▶ Exercise instructions
The pictures are to be omitted when the entries are reproduced exactly.

▶ Collection entries
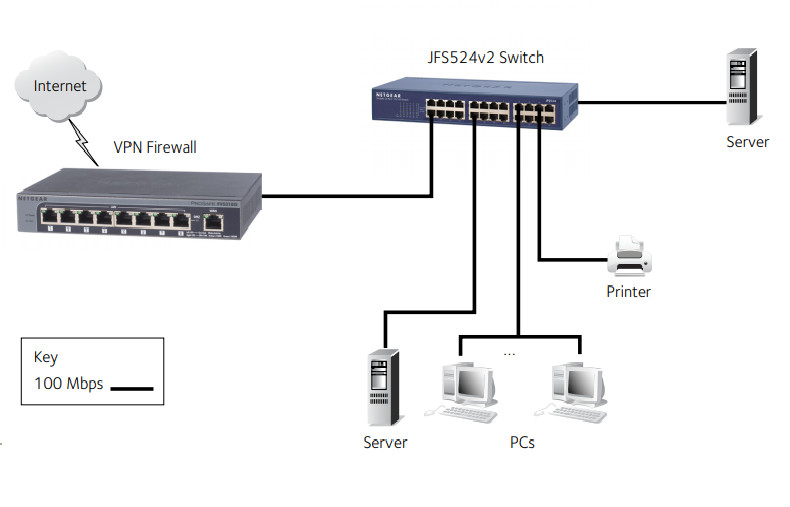 - GHOST Bạn cần nâng cấp hiệu năng hệ thống mạng? NETGEAR giới thiệu một giải pháp hiệu quả, sử dụng JFS524. Unmanaged 10/100 Mbps Fast Ethernet swtich cung cấp kết nối mở rộng cho các hệ thống mạng văn phòng nhỏ vì vậy người dùng không còn phải cạnh tranh băng thông với nhau. Tất cả các tính năng cần thiết bao gồm: tự động nhận tốc độ và chế độ truyền full/half duplex, thông lượng 200 Mbps trên mỗi cổng, tự động nhận kiểu cáp truyền Auto Uplink, nhưng chỉ với một mức giá cạnh tranh mà người dùng không thể bỏ qua. Tiết kiệm 24 cổng có tốc độ và năng lực với giá hợp lý mà không giảm chất lượng-- điều mà bạn có thể mong đợi từ sản phẩm JFS524 của NETGEAR. Khả năng Các cổng switch 10/100 Mbps cung cấp băng thông riêng cho các máy trạm, máy chủ , hoặc các hub, hỗ trợ thông lượng 200 Mbps. Mỗi cổng có khả năng truyền với tốc độ mạng 200 Mbps trong chế độ full-duplex. Cảnh báo Luôn sẵn sàng, JFS524 bắt đầu hoạt động ngay khi bật nguồn mà không yêu cầu cấu hình. Tất cả 24 cổng tự động nhận tốc độ và chế độ truyền full/half duplex, tự động nhận kiểu cáp truyền Auto Uplink. Thiết thực Thiết bị có vở kim loại thuận tiện cho thiết kế để bàn nhỏ gọn cũng như lắp rack. Switch cho phép dễ dàng kết nối tới các thiết bị 10, 100 Mbps bên trong mạng.
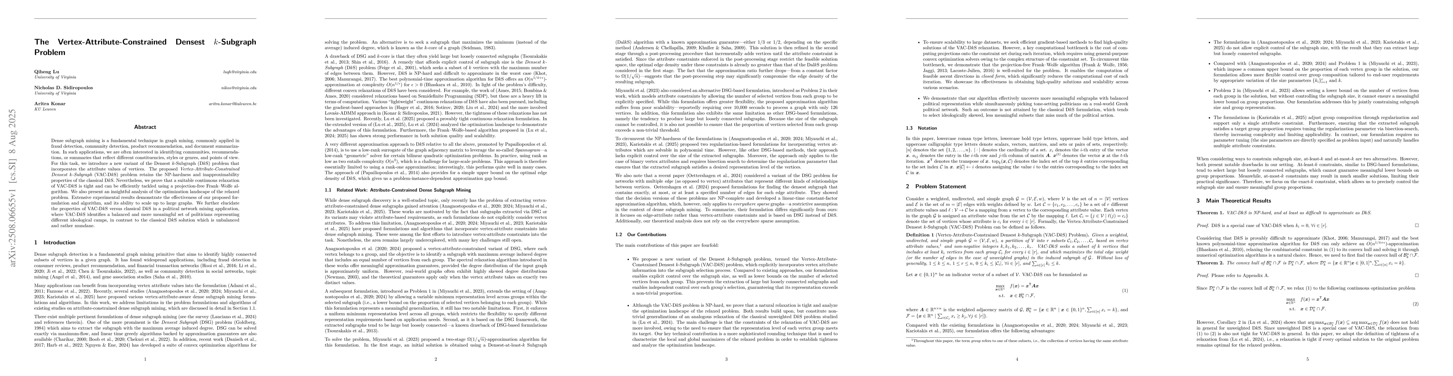 Dense subgraph mining is a fundamental technique in graph mining, commonly applied in fraud detection, community detection, product recommendation, and document summarization. In such applications, we are often interested in identifying communities, recommendations, or summaries that reflect different constituencies, styles or genres, and points of view. For this task, we introduce a new variant of the Densest $k$-Subgraph (D$k$S) problem that incorporates the attribute values of vertices. The proposed Vertex-Attribute-Constrained Densest $k$-Subgraph (VAC-D$k$S) problem retains the NP-hardness and inapproximability properties of the classical D$k$S. Nevertheless, we prove that a suitable continuous relaxation of VAC-D$k$S is tight and can be efficiently tackled using a projection-free Frank--Wolfe algorithm. We also present an insightful analysis of the optimization landscape of the relaxed problem. Extensive experimental results demonstrate the effectiveness of our proposed formulation and algorithm, and its ability to scale up to large graphs. We further elucidate the properties of VAC-D$k$S versus classical D$k$S in a political network mining application, where VAC-D$k$S identifies a balanced and more meaningful set of politicians representing different ideological camps, in contrast to the classical D$k$S solution which is unbalanced and rather mundane.
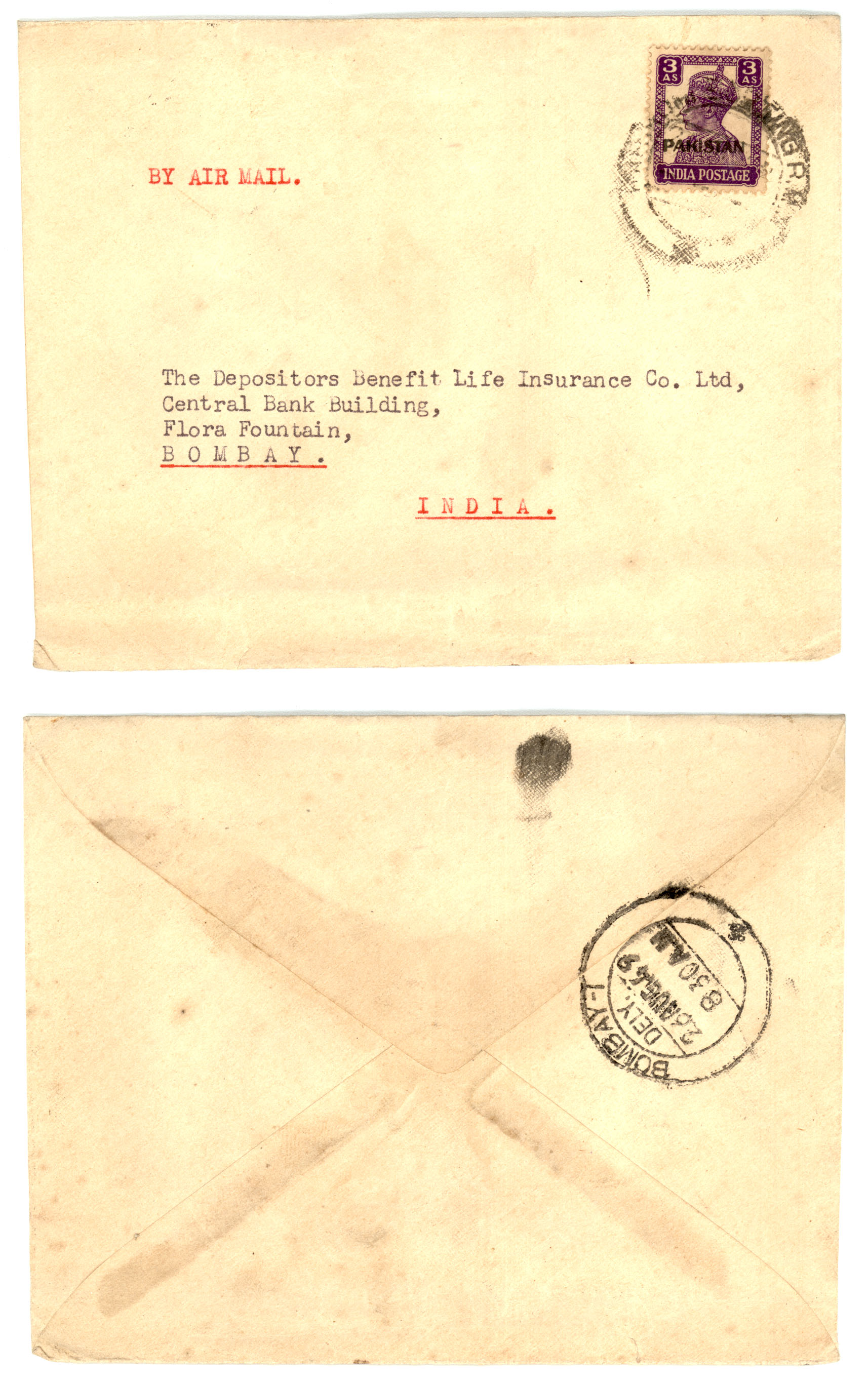Cover bearing British India KG VI 3a with Overprint “PAKISTAN” from Karachi to Bombay India cancelled by KARACHI SORTING R.M.S 1949
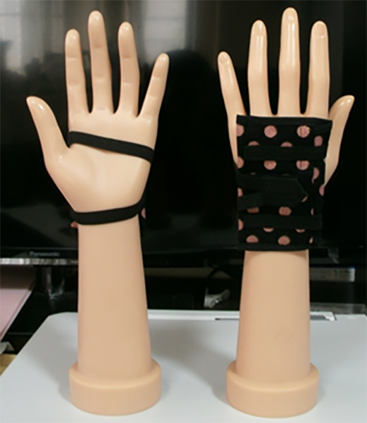 リング、帯、またはゴム紐で袋部を手や掌に装着します。
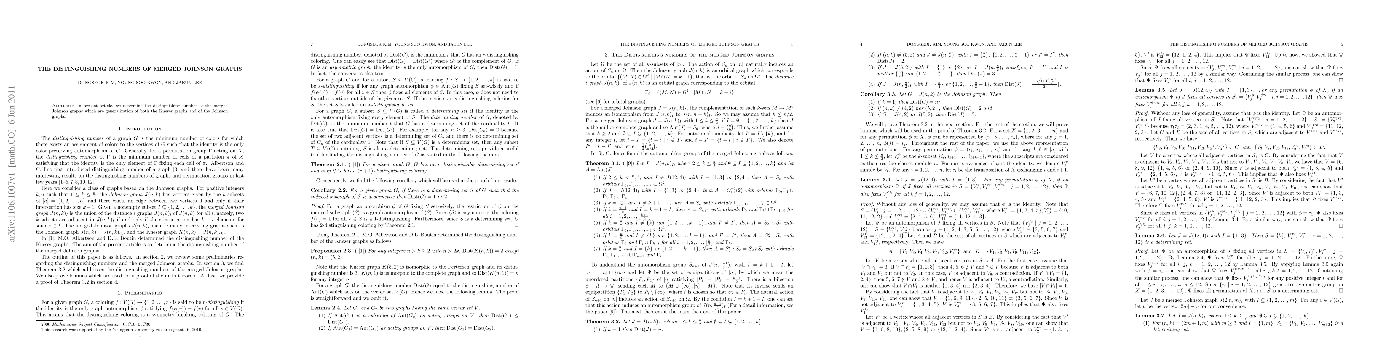 Summary: This paper determines the distinguishing number of merged Johnson graphs, which are a generalization of both Kneser graphs and Johnson graphs, providing a key measure of their structural uniqueness.
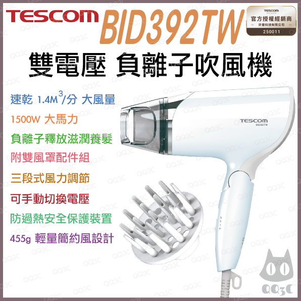 《 日本 TESCOM 台灣出貨 原廠公司貨 》BID392TW 超速乾 雙電壓 負離子 造型 吹風機 392
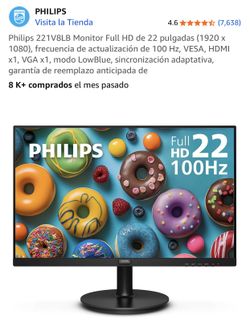 Philips 221V8LB Monitor Full HD de 22 pulgadas (1920 x 1080), frecuencia de actualización de 100 Hz, VESA, HDMI x1, VGA x1, modo LowBlue, sincronizaci$40Las Vegas, NV
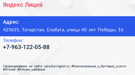 Яндекс.Лицей по адресу 423631, Татарстан, Елабуга, улица 40 лет Победы, 16 в дальнейшем Организация, размещена в следующих категориях:

▶ Reply
 - GHOST Bạn cần nâng cấp hiệu năng hệ thống mạng? NETGEAR giới thiệu một giải pháp hiệu quả, sử dụng JFS524. Unmanaged 10/100 Mbps Fast Ethernet swtich cung cấp kết nối mở rộng cho các hệ thống mạng văn phòng nhỏ vì vậy người dùng không còn phải cạnh tranh băng thông với nhau. Tất cả các tính năng cần thiết bao gồm: tự động nhận tốc độ và chế độ truyền full/half duplex, thông lượng 200 Mbps trên mỗi cổng, tự động nhận kiểu cáp truyền Auto Uplink, nhưng chỉ với một mức giá cạnh tranh mà người dùng không thể bỏ qua. Tiết kiệm 24 cổng có tốc độ và năng lực với giá hợp lý mà không giảm chất lượng-- điều mà bạn có thể mong đợi từ sản phẩm JFS524 của NETGEAR. Khả năng Các cổng switch 10/100 Mbps cung cấp băng thông riêng cho các máy trạm, máy chủ , hoặc các hub, hỗ trợ thông lượng 200 Mbps. Mỗi cổng có khả năng truyền với tốc độ mạng 200 Mbps trong chế độ full-duplex. Cảnh báo Luôn sẵn sàng, JFS524 bắt đầu hoạt động ngay khi bật nguồn mà không yêu cầu cấu hình. Tất cả 24 cổng tự động nhận tốc độ và chế độ truyền full/half duplex, tự động nhận kiểu cáp truyền Auto Uplink. Thiết thực Thiết bị có vở kim loại thuận tiện cho thiết kế để bàn nhỏ gọn cũng như lắp rack. Switch cho phép dễ dàng kết nối tới các thiết bị 10, 100 Mbps bên trong mạng.
 Dense subgraph mining is a fundamental technique in graph mining, commonly applied in fraud detection, community detection, product recommendation, and document summarization. In such applications, we are often interested in identifying communities, recommendations, or summaries that reflect different constituencies, styles or genres, and points of view. For this task, we introduce a new variant of the Densest $k$-Subgraph (D$k$S) problem that incorporates the attribute values of vertices. The proposed Vertex-Attribute-Constrained Densest $k$-Subgraph (VAC-D$k$S) problem retains the NP-hardness and inapproximability properties of the classical D$k$S. Nevertheless, we prove that a suitable continuous relaxation of VAC-D$k$S is tight and can be efficiently tackled using a projection-free Frank--Wolfe algorithm. We also present an insightful analysis of the optimization landscape of the relaxed problem. Extensive experimental results demonstrate the effectiveness of our proposed formulation and algorithm, and its ability to scale up to large graphs. We further elucidate the properties of VAC-D$k$S versus classical D$k$S in a political network mining application, where VAC-D$k$S identifies a balanced and more meaningful set of politicians representing different ideological camps, in contrast to the classical D$k$S solution which is unbalanced and rather mundane.
Cover bearing British India KG VI 3a with Overprint “PAKISTAN” from Karachi to Bombay India cancelled by KARACHI SORTING R.M.S 1949
 リング、帯、またはゴム紐で袋部を手や掌に装着します。
 Summary: This paper determines the distinguishing number of merged Johnson graphs, which are a generalization of both Kneser graphs and Johnson graphs, providing a key measure of their structural uniqueness.
 《 日本 TESCOM 台灣出貨 原廠公司貨 》BID392TW 超速乾 雙電壓 負離子 造型 吹風機 392
 Philips 221V8LB Monitor Full HD de 22 pulgadas (1920 x 1080), frecuencia de actualización de 100 Hz, VESA, HDMI x1, VGA x1, modo LowBlue, sincronizaci$40Las Vegas, NV
 Яндекс.Лицей по адресу 423631, Татарстан, Елабуга, улица 40 лет Победы, 16 в дальнейшем Организация, размещена в следующих категориях:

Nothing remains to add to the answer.